Re: no external panels for gnome-control-center [was GNOME Feature Proposal: Backup]
- From: David Zeuthen <zeuthen gmail com>
- To: Sergey Udaltsov <sergey udaltsov gmail com>
- Cc: desktop-devel-list gnome org
- Subject: Re: no external panels for gnome-control-center [was GNOME Feature Proposal: Backup]
- Date: Thu, 12 May 2011 18:07:16 -0400
On Thu, May 12, 2011 at 5:47 PM, Sergey Udaltsov
<sergey udaltsov gmail com> wrote:
>> an fancy editor for /etc/httpd/conf/httpd.conf - it's a completely
>> inappropriate app because if you know what httpd is, you really don't
>> want to click GUI buttons - you want to edit the config file with
>> vi(1) or whatever your editor of choice is. Same goes for a lot of
>> other distro-specific config tools created "because we need a GUI"
>> without really thinking whether it was a good idea. </rant>
> Err... Personally I always thought that the area where IIS was way
> ahead of httpd is the GUI configuration tools nicely integrated into
> system configuration GUIs.
Didn't IIS actually add a configuration file after strong demands from
administrator? I don't know, it's not important. Now, whether a HTTP
server needs config UI or not... nothing prevents anyone from writing
an app that does that... It just won't be shown in the "System
Settings", that's all. Which I actually think makes sense. I actually
regard a stock HTTP server like Apache (or even an application server
such as e.g. Tomcat) more as an application, not an OS component. And
I think, these days, you'd maybe want to write the configuration UI
for a webserver using HTML5 and JS anyway. I don't know.

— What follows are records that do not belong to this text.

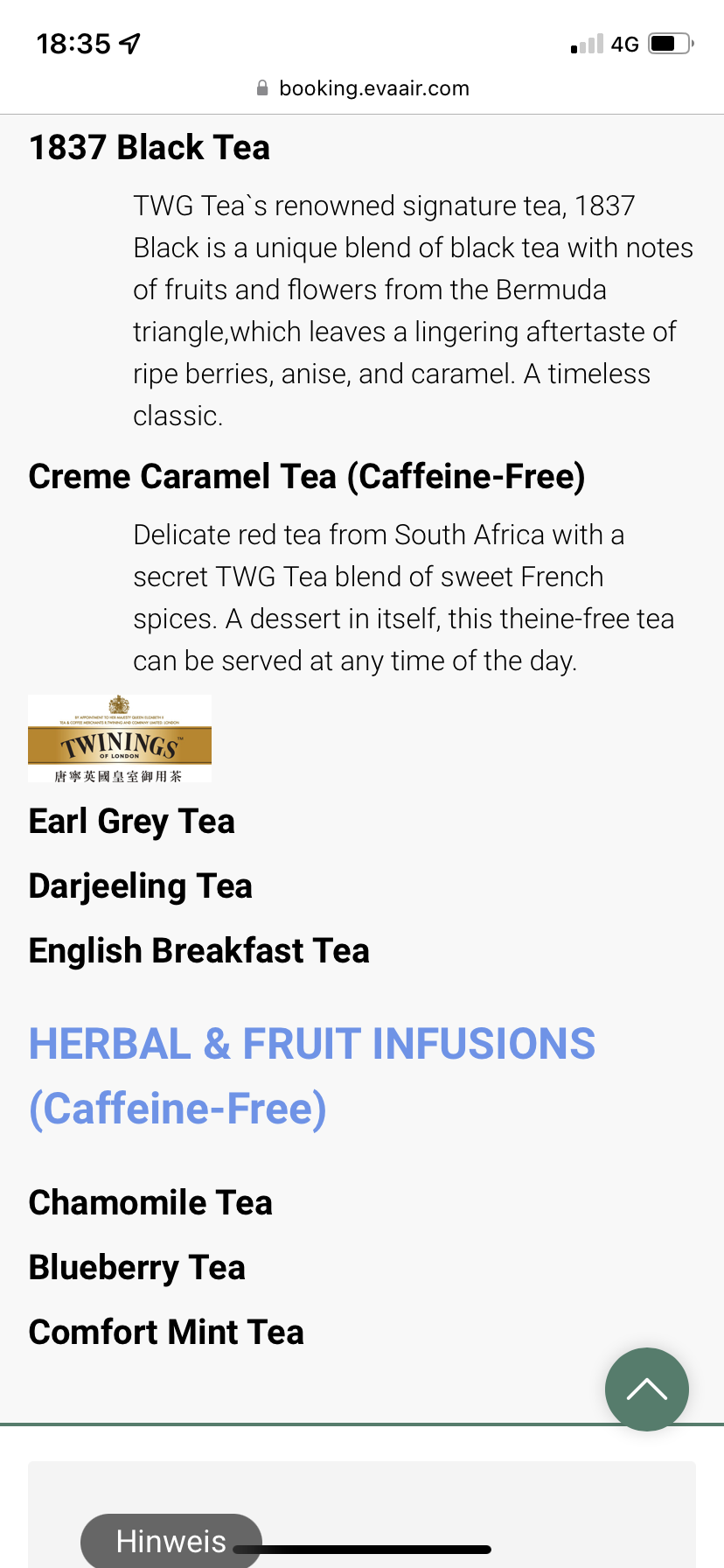 Mit zirka 15 Minuten Verspätung wurden wir vom Gate gepusht und es startete der Sicherheitsvideo. Dreißig Minuten nach dem Take-off begann der Service und hier kommen meine minimalen Kritikpunkte. Zuerst kamen die Stewardessen mit der Tischdecke und es war leider nicht mehr die klassische Tischdecke mit den aufgestickten Hirschen. Diese hatte ein Alleinstellungsmerkmal im Vergleich zu anderen Airlines. Es war leider nur eine simple Tischdecke im Karomuster. Vor dem Hauptgang wurde mir mein Drink zusammen mit einer Tüte Nüsse serviert, wie ihr auf dem Foto weiter oben entnehmen könnt. Dies ist mein zweiter Kritikpunkt, denn das ist für mich in der Business Class ein No-Go und in dem Fall können die Nüsse bei einer fünf Sterne Airline durchaus in einer Schale serviert werden. Diese beiden Punkte sind aber Klagen auf hohem Niveau und haben keine Auswirkungen auf dem Gesamteindruck auf den Flug mit EVA Air.
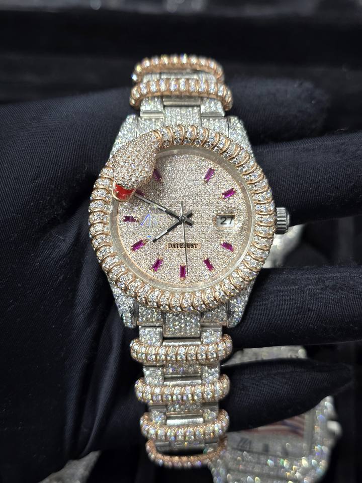 นาฬิกาข้อมือผู้ชายสแตนเลสสตีลคุณภาพสูง ระบบอัตโนมัติ พร้อมหน้าปัดลายงูแบบโรมัน ประดับเพชรโมอิสซาไนต์ VVS สองสี สไตล์หรูหรา
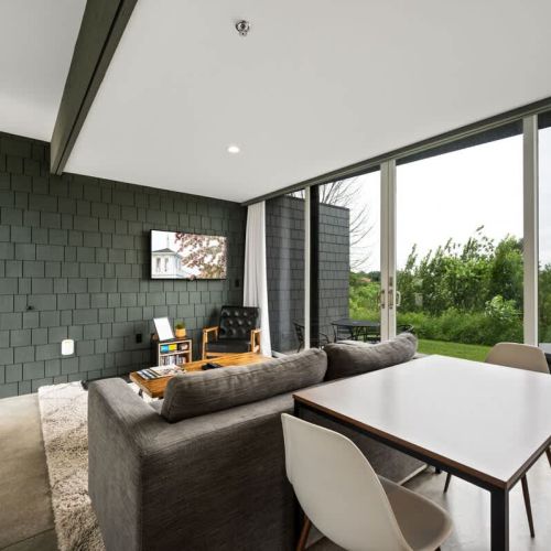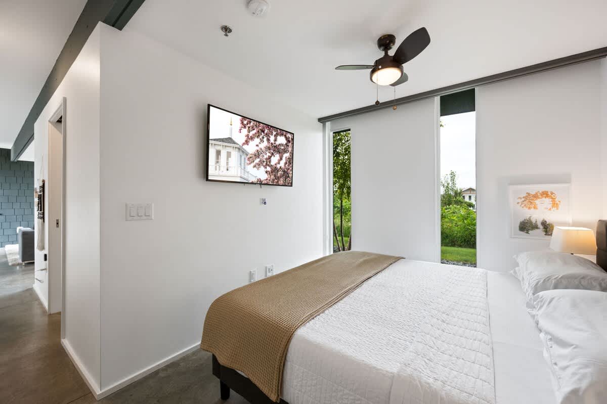 The Flats were designed to make the most of the 500 sq ft of space, with a king-sized bed in the bedroom, a beautifully tiled shower with modern fixtures in the bathroom, and a fully equipped kitchen with an induction cooktop stove, refrigerator, dishwasher, microwave, coffee maker, and all the necessary amenities for meal preparation.
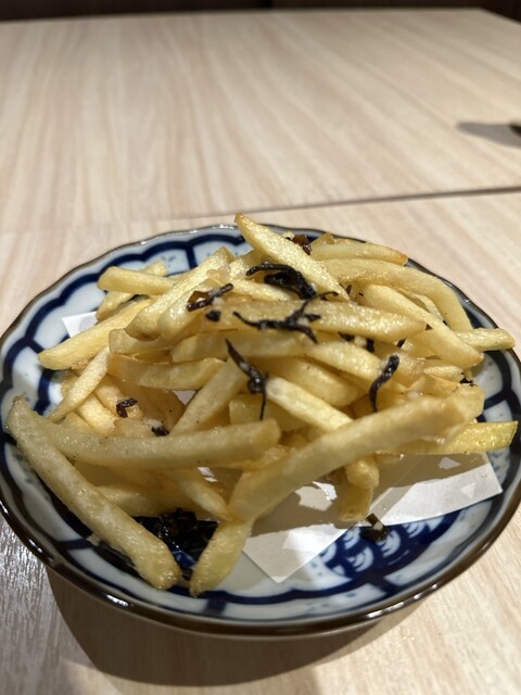 ポテトフライ(塩昆布)はホクホク食感で、塩昆布の旨味がアクセントになり手が止まりませんでした。

That said, it could be that some HTTP server configuration could
appear in the "Sharing" panel, see
http://live.gnome.org/ThreePointOne/Features/Sharing - for example,
to share your public folder via HTTP and exposing a bookmark via mDNS
so it shows up in browsers on the LAN that supports this (for example,
Safari and Epiphany I think). That would be handy.
Either way, I think this is completely orthogonal to the discussion on
whether such a panel makes sense. I'm just mentioning this to explain
how GNOME should, no wait, MUST, be driven by design. Not some
misguided feature-for-feature parity thing or some PHB-directive
saying "everything needs a GUI". In there lies madness.